Monday, July 15, 2013

Bells and Whistles

   Laeviss is the first to admit that self-created magick is about the energy, not the object. It's nice to have boxfuls of interesting magickal items: candles, wands, cards, crystals, incense and the darkly-energetic antique wooden box in which to stow them all when not in use. Nice...but totally unnecessary.
   It's really, really just the energy, the focus and the intent that you need. Everything else is superfluous.
  (Now, when performing for an adoring public, it gets trickier. Turns out, they believe better when the show is grander. So don't skimp on the magickal gewgaws when performing in public, creating magick for a public purpose. Because belief is most of the battle won.)
   That said, even though magick works very well without the "stuff," Laeviss has picked up some pretty interesting magickal items over the years. Laeviss decided to perform an experiment using two of these items.

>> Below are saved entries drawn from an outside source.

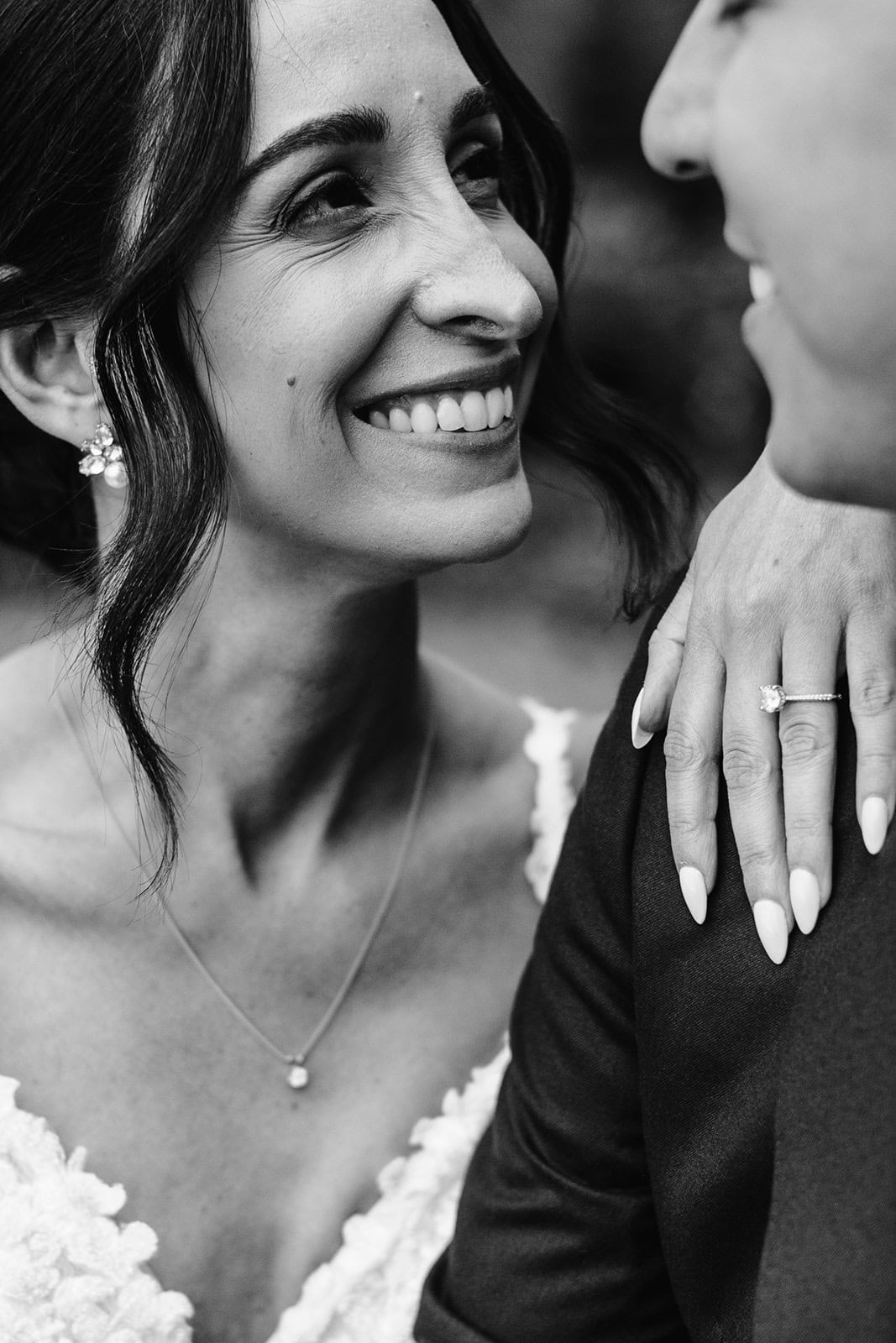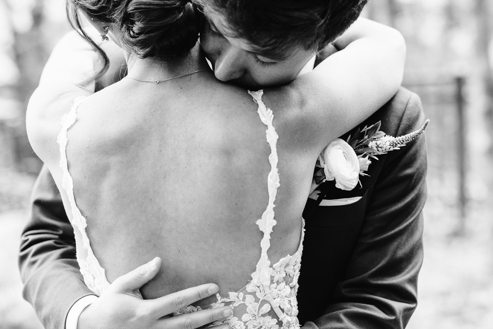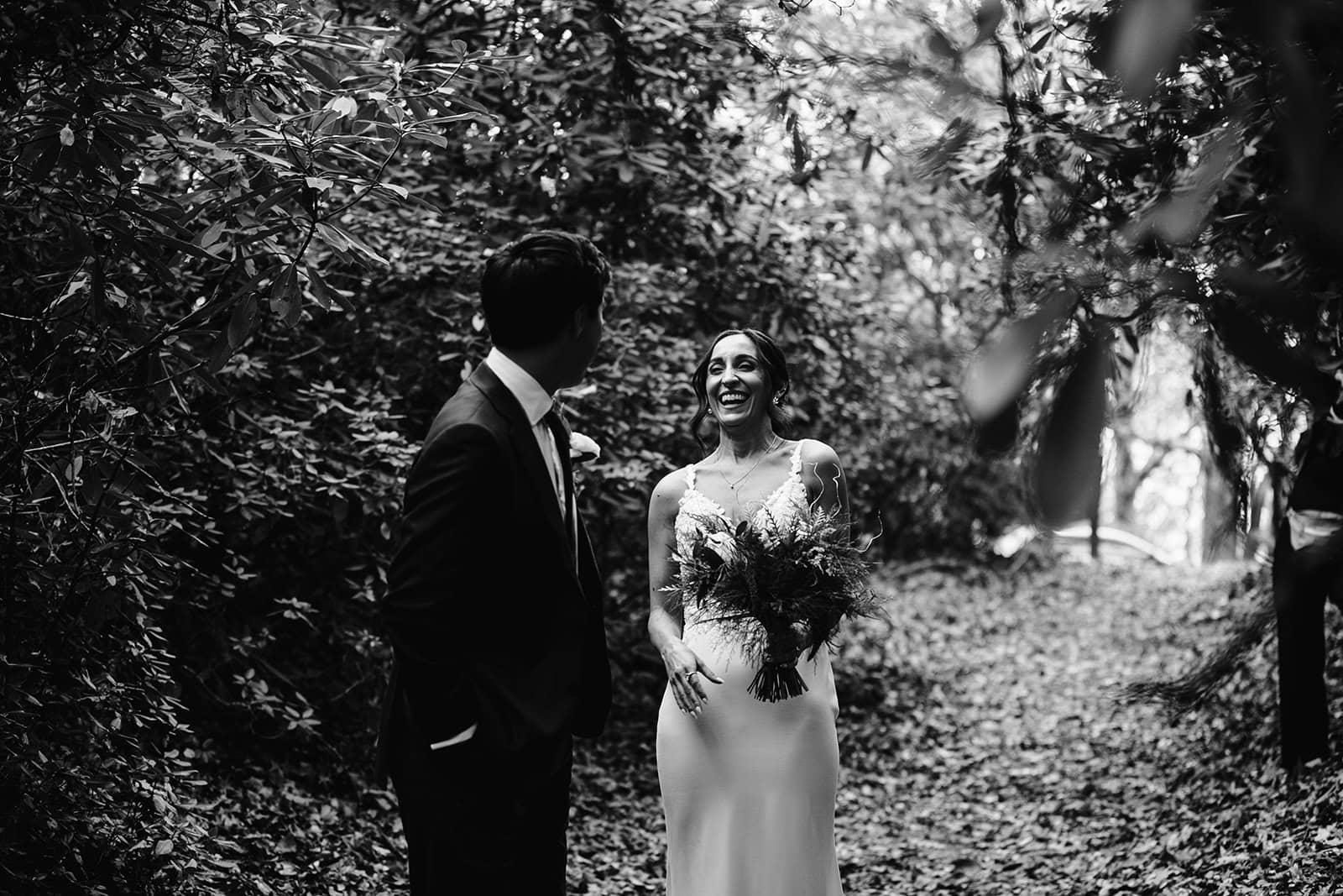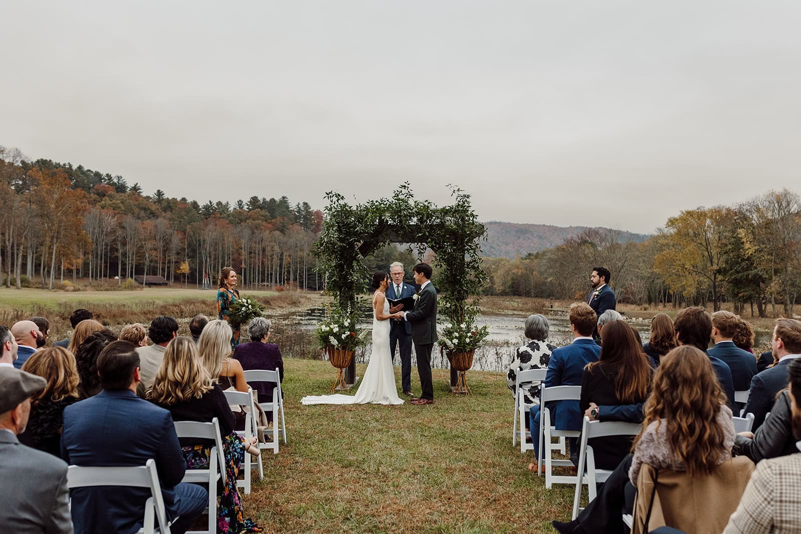We love when couples carve out space in their day for connection like this. After their first look and a few private minutes to soak it all in, they shared personal vows surrounded by nothing but fresh air and the rustle of leaves.
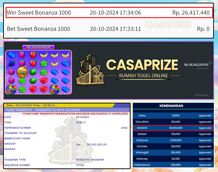 Kami ucapkan selamat untuk User ID XXXXX23 yang berhasil JACKPOT di permainan slot SWEET BONANZA 1000 di situs CASAPRIZE
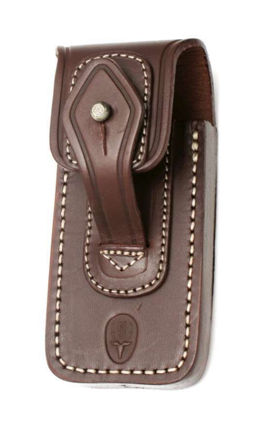Kožené puzdro Muela F/NAVALIA-MAR v hnedej farbe s bielym prešívaním, sa zapína pomocou pracky. V spodnej časti prednej strany je vyrazené logo firmy.Puzdro je vhodné pre stredne veľké zatváracie nože Navalia. prečítať celé
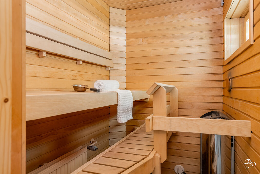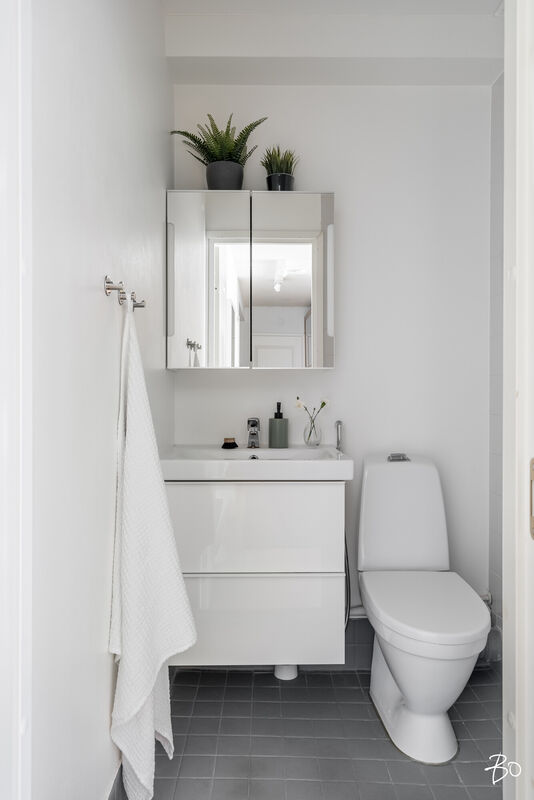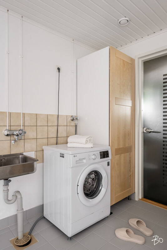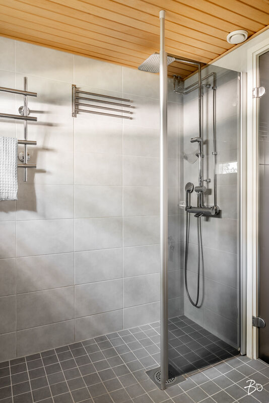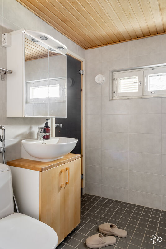 Varustus: suihku, käsisuihku, suihkuseinä, allas/allaskaappi, peilikaappi, wc-istuin, bideesuihku, kaappi, pyyhekuivain, laatoitettu, lattialämmitys, käynti saunaan.
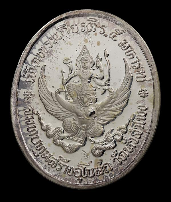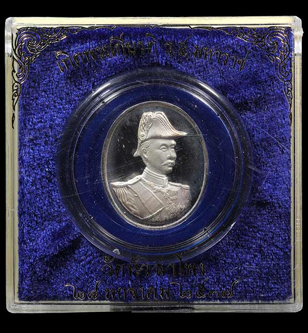 เหรียญเทิดพระเกียรติ รัชกาลที่ 5 มหาราช เนื้อเงิน มาพร้อมกล่องเดิมๆจากในพิธีออกวัดหัวลำโพง หลังพระนารายณ์ทรงครุฑ ที่ระลึกสมทบทุนสร้างอุโบสถ วัดหัวลำโพง กรุงเทพมหานคร หลวงพ่อเกษม เขมโก และเกจิทั่วฟ้าเมืองไทนในยุคนั่นร่วมปลุกเสก 28 มกราคม 2537
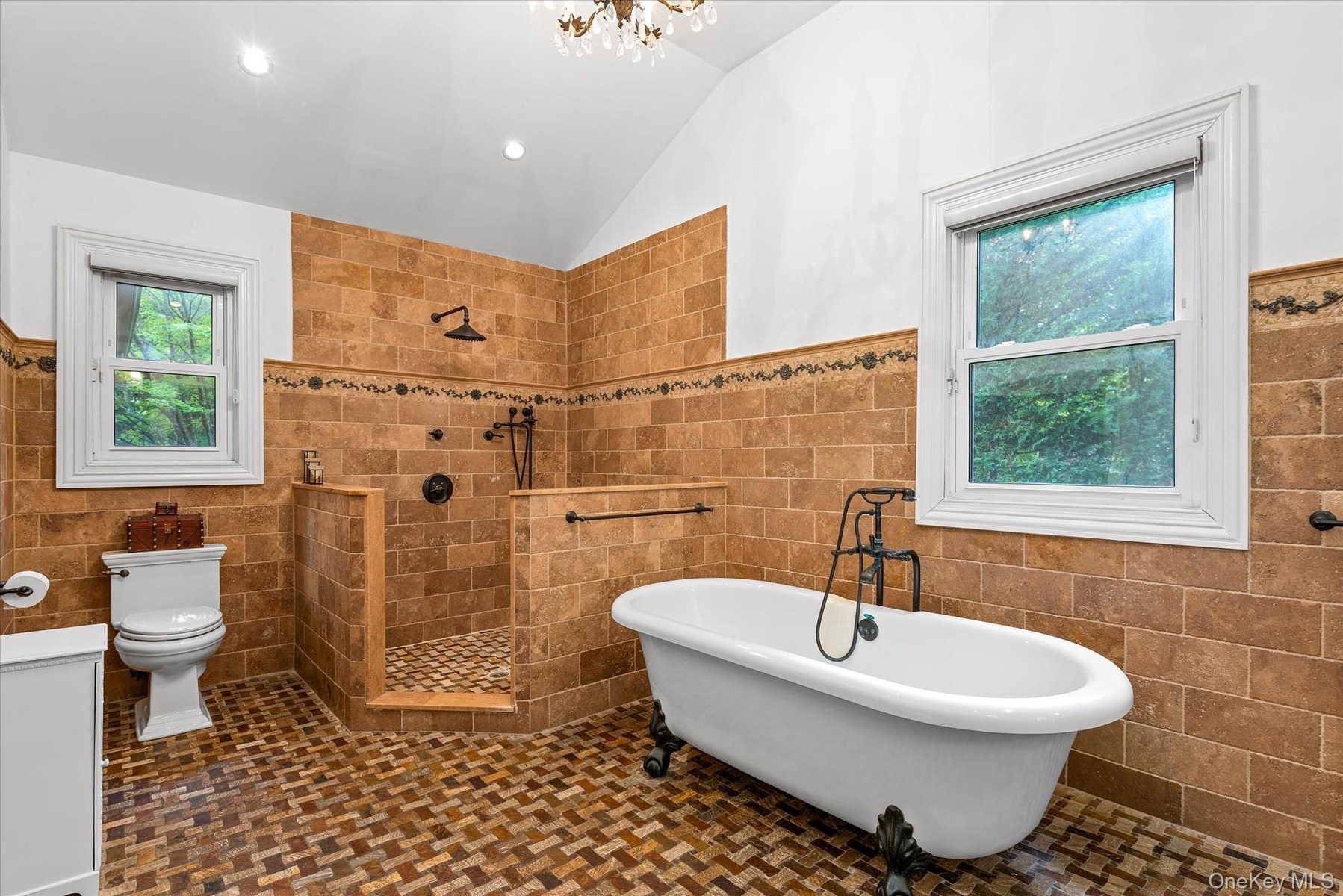 - Full bath with vaulted ceiling, double vanity, tile walls, a walk in shower, and a freestanding tub

One has been associated with Laeviss for so long it's like an added appendage, and is quite attuned to him. This one, Laeviss used to focus the energy and intent of the magick. The other one, a recent acquisition,  had loads of energy of its own, though it wasn't attuned to Laeviss, yet. (Laeviss' wizard friend described the object as both loud and spinning really fast. Laeviss decided to use this one as an amplifier.)
   Laeviss set the intent and focus through the object already attuned to him, and then amplified the energy through the spinning object. He vocally directed the force. He then was treated to a most glorious inner-eyelid lightshow with some interesting Norse-themed symbols. Success! The amplifier works!
  
  
  

Friday, June 28, 2013

Departure of the Ravens

   Laeviss remembers his father.
   He was a kind, generous, gentle man, with a good heart and a weakness for very bad jokes. My early childhood is filled with memories of the times I spent with him. He would give rides to neighborhood children in the trailer pulled by his tractor. He took me ice skating and swimming and horseback riding. We would go on walks together. He liked to sing me funny songs.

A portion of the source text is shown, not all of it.